Tag Archive: B17 pilot Charles Brown

The Warrior’s Code

Do You Think You Could Spare These Pilots The Way This Man Did?

BY DAN DOYLE 

 

PART I: PRELUDE 

Since the beginning of civilization itself, there has been among those who have gone to war, an unspoken, unwritten code. This code has often been recognized in the annals of war. It is called, the “Warrior Code.” The great irony of this code is that it is designed to protect the victor and the vanquished. It prevents those who are called upon to fight wars from becoming monsters.

Those who have lived by this code have come to realize that there is something worse than death…and that is to lose one’s humanity. In our natural hatred of war we often paint the warriors who are sent off to fight our wars in a dark fashion that no long reflects that code. Vietnam veterans know what that is like intimately. The following story is an example of both the Warrior’s Code and the strange bond that sometimes happens between warriors who were once blood enemies.

 

PART II:

THE WARRIOR’S CODE 

On December 20, 1943, Charles Brown was a 21 year old B17 pilot flying his first combat mission. His plane had been shot to pieces by German fighters. Half of his crew were dead or wounded. It was a miracle that the plane was still flying. Suddenly, to pilot Charlie Brown and his copilot’s horror, a German fighter flew up alongside the B17, piloted by 2nd Lt. Franz Stigler, an Ace, needing one more kill to receive the Knight’s Cross. Stigler had lifted off that day in pursuit of revenge for his brother, another pilot, lost to the Americans. but he but was struck by the fact that none of the B17’s guns were firing at him.

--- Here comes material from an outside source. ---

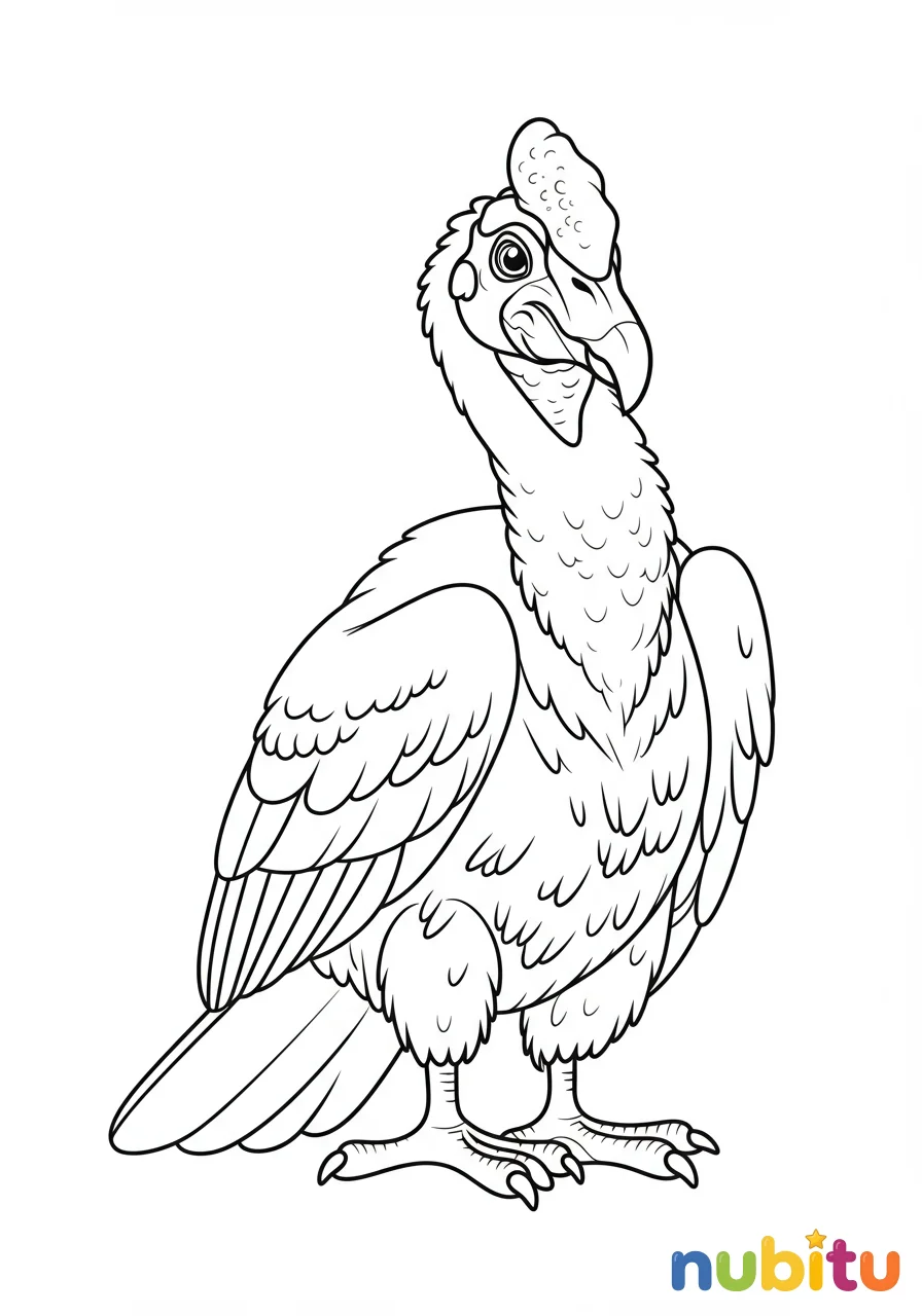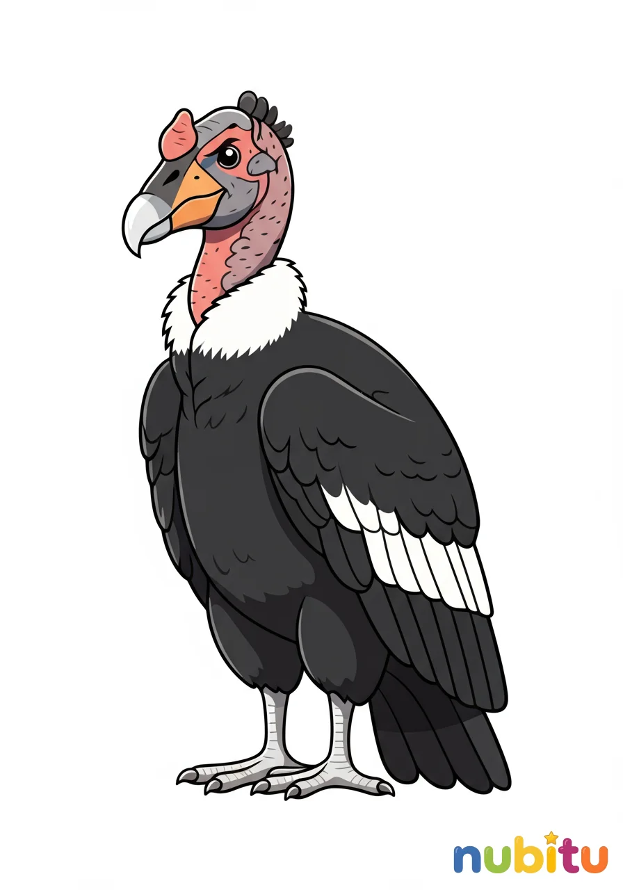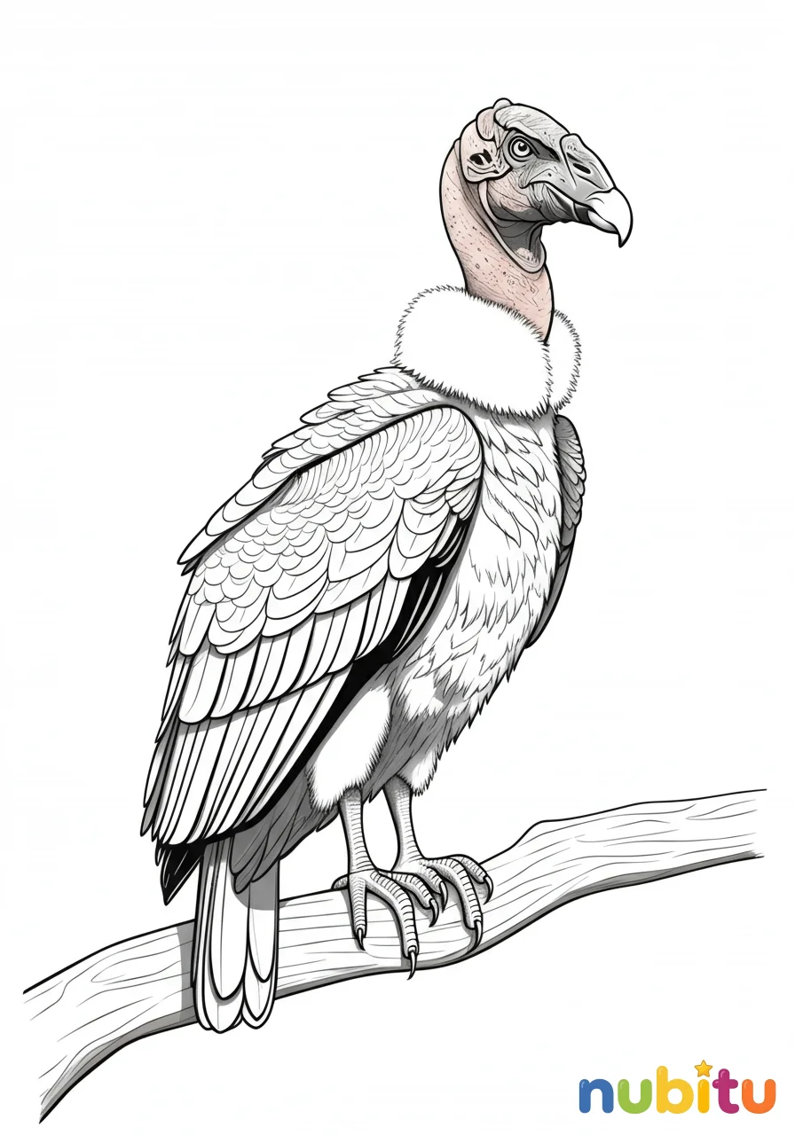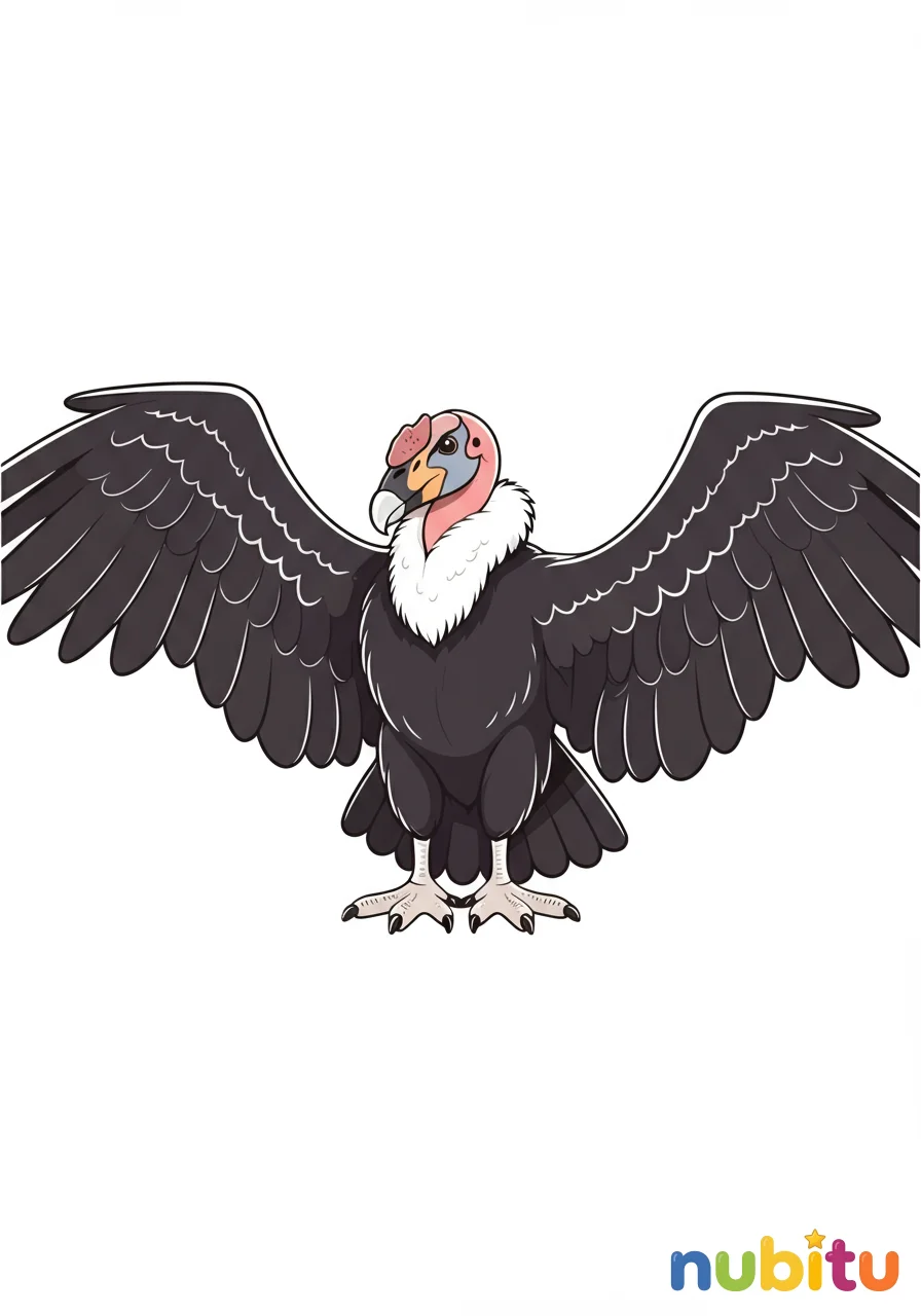 Este cóndor parece un rey de los cielos, mirando con orgullo. ¿Qué colores usarás para su pico fuerte y su cabeza sin plumas? ¡Haz que brille con tus colores más brillantes!

He pulled alongside and could see through the skin of the B17. He saw that every one of its guns were inoperable. Crew members were tending their wounded colleagues. He pulled ahead and looked over at the pilot of the B17. Stigler could see the shock and horror in Charlie Brown’s eyes. At that moment, by the strength of his own faith and conscience, he honored the Warrior’s Code. He flew in formation with the big B17 until they were over the North Sea. Then he looked at the pilot of the bomber, nodded, saluted, and peeled off to head back to Germany.

What makes this a real act of moral courage, in accord with the Warrior’s Code, was that Franz Stigler could have been executed for this action. Why did he do it? Stigler says that at that moment when he looked into the B17 pilot’s eyes, he remembered his flight commander’s earlier words to him: “You follow the rules of war (the Warrior Code) for you, not your enemy. You fight by the rules to keep your humanity.”